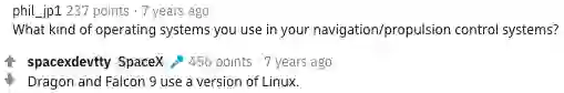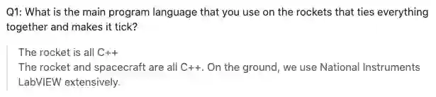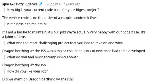终于找到 2013 年 SpaceX 的软件工程师在 Reddit 做过一次公开回应,回答网友们的提问。
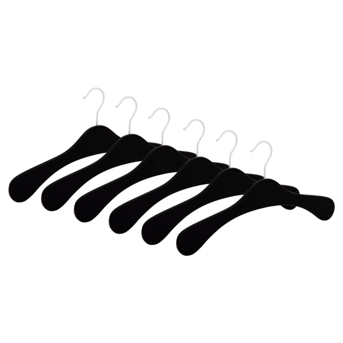 6er Garderobenbügel Set ECO 1112 schwarz w ✓ 6er Set ✓ aus Buchenholz gefertigt ✓ in geschwungener Form ✓ 3,4 mm Haken, drehbar in Farbe weiss ✓ die Auflagenbreite beträgt 10 mm ✓ die Hakenöffnung beträgt 42 mm ✓ in der Farbe schwarz hochglänzend lackiert ✓ der Garderobenbügel hat eine Breite von 41 cm ✓ geeignet für Mäntel, Jacken, Oberbekleidung
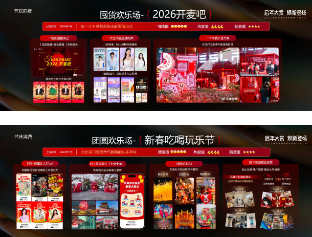 針對年輕人的喜好,抖音將在春節期間推出多個既有好東西、好價格又有歡樂好體驗的IP項目,滿足用戶邊玩邊買的訴求。例如,抖音電商年貨節將推出「2026開麥吧」IP,邀請喜劇界、音樂界的頂流藝人一起陪大家大笑過年,并且會進入品牌直播間陪大家一起挑選年貨,讓每一次下單都是快樂的囤貨儀式。此外,抖音本地生活服務將推出「新春吃喝玩樂節」,邀請100個以上的明星達人一起走出家門展開一場全國范圍的吃喝玩樂狂歡,抖音將在全國50多個重點城市設立線下歡樂場,和各地廟會結合起來提供熱鬧年味和豐富體驗,將為本地商家帶來巨大流量機會。
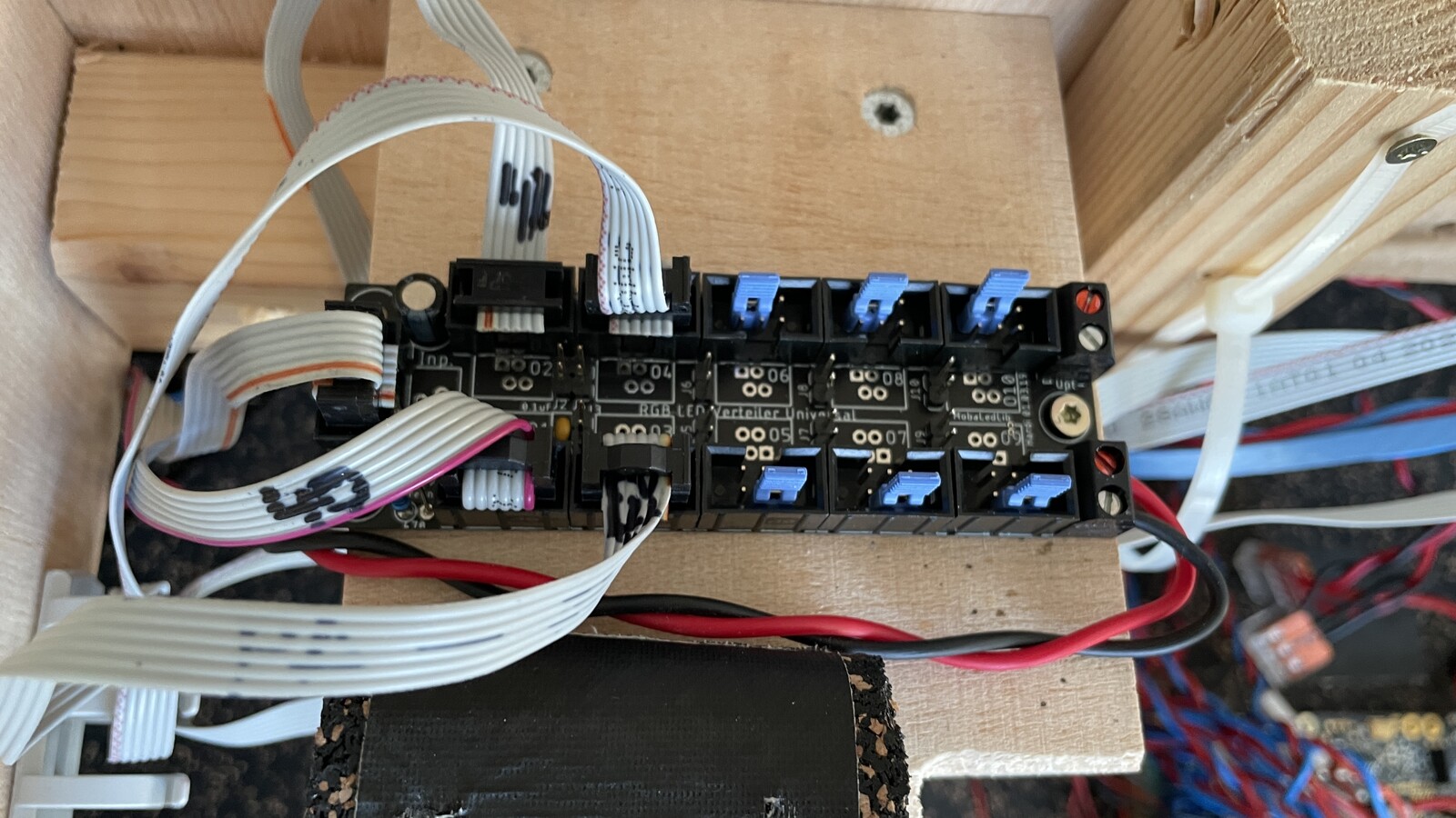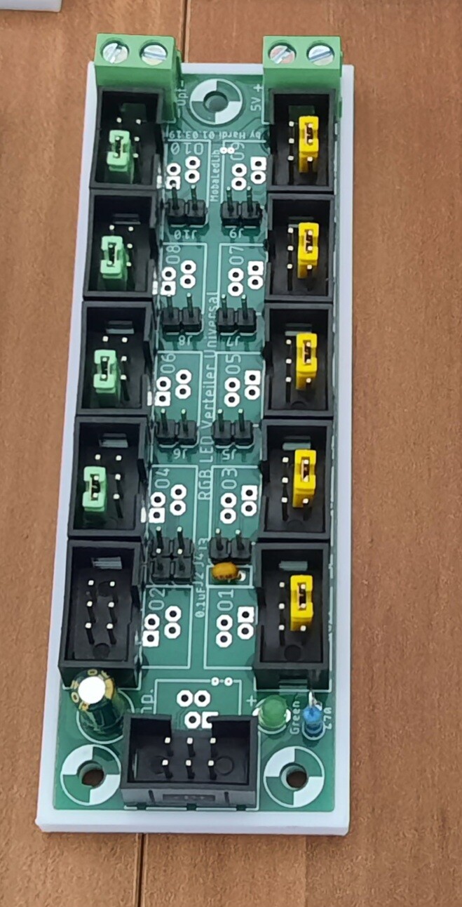 Die Verteilerplatinen sind mit 5V ab der Sicherungsplatine Pro einzeln angeschlossen
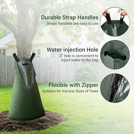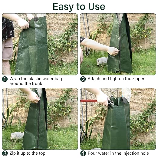 - Easy to Use: Place the slow release water bag around the bottom of the trunk, tighten the zipper and pour water in it. And tree water bags can be zipped together freely for planting larger trees

_ _ _ _ _

The records above are to be repeated exactly, with the pictures left out.

终于找到 2013 年 SpaceX 的软件工程师在 Reddit 做过一次公开回应,回答网友们的提问。
 6er Garderobenbügel Set ECO 1112 schwarz w ✓ 6er Set ✓ aus Buchenholz gefertigt ✓ in geschwungener Form ✓ 3,4 mm Haken, drehbar in Farbe weiss ✓ die Auflagenbreite beträgt 10 mm ✓ die Hakenöffnung beträgt 42 mm ✓ in der Farbe schwarz hochglänzend lackiert ✓ der Garderobenbügel hat eine Breite von 41 cm ✓ geeignet für Mäntel, Jacken, Oberbekleidung
 針對年輕人的喜好,抖音將在春節期間推出多個既有好東西、好價格又有歡樂好體驗的IP項目,滿足用戶邊玩邊買的訴求。例如,抖音電商年貨節將推出「2026開麥吧」IP,邀請喜劇界、音樂界的頂流藝人一起陪大家大笑過年,并且會進入品牌直播間陪大家一起挑選年貨,讓每一次下單都是快樂的囤貨儀式。此外,抖音本地生活服務將推出「新春吃喝玩樂節」,邀請100個以上的明星達人一起走出家門展開一場全國范圍的吃喝玩樂狂歡,抖音將在全國50多個重點城市設立線下歡樂場,和各地廟會結合起來提供熱鬧年味和豐富體驗,將為本地商家帶來巨大流量機會。
 Die Verteilerplatinen sind mit 5V ab der Sicherungsplatine Pro einzeln angeschlossen
 - Easy to Use: Place the slow release water bag around the bottom of the trunk, tighten the zipper and pour water in it. And tree water bags can be zipped together freely for planting larger trees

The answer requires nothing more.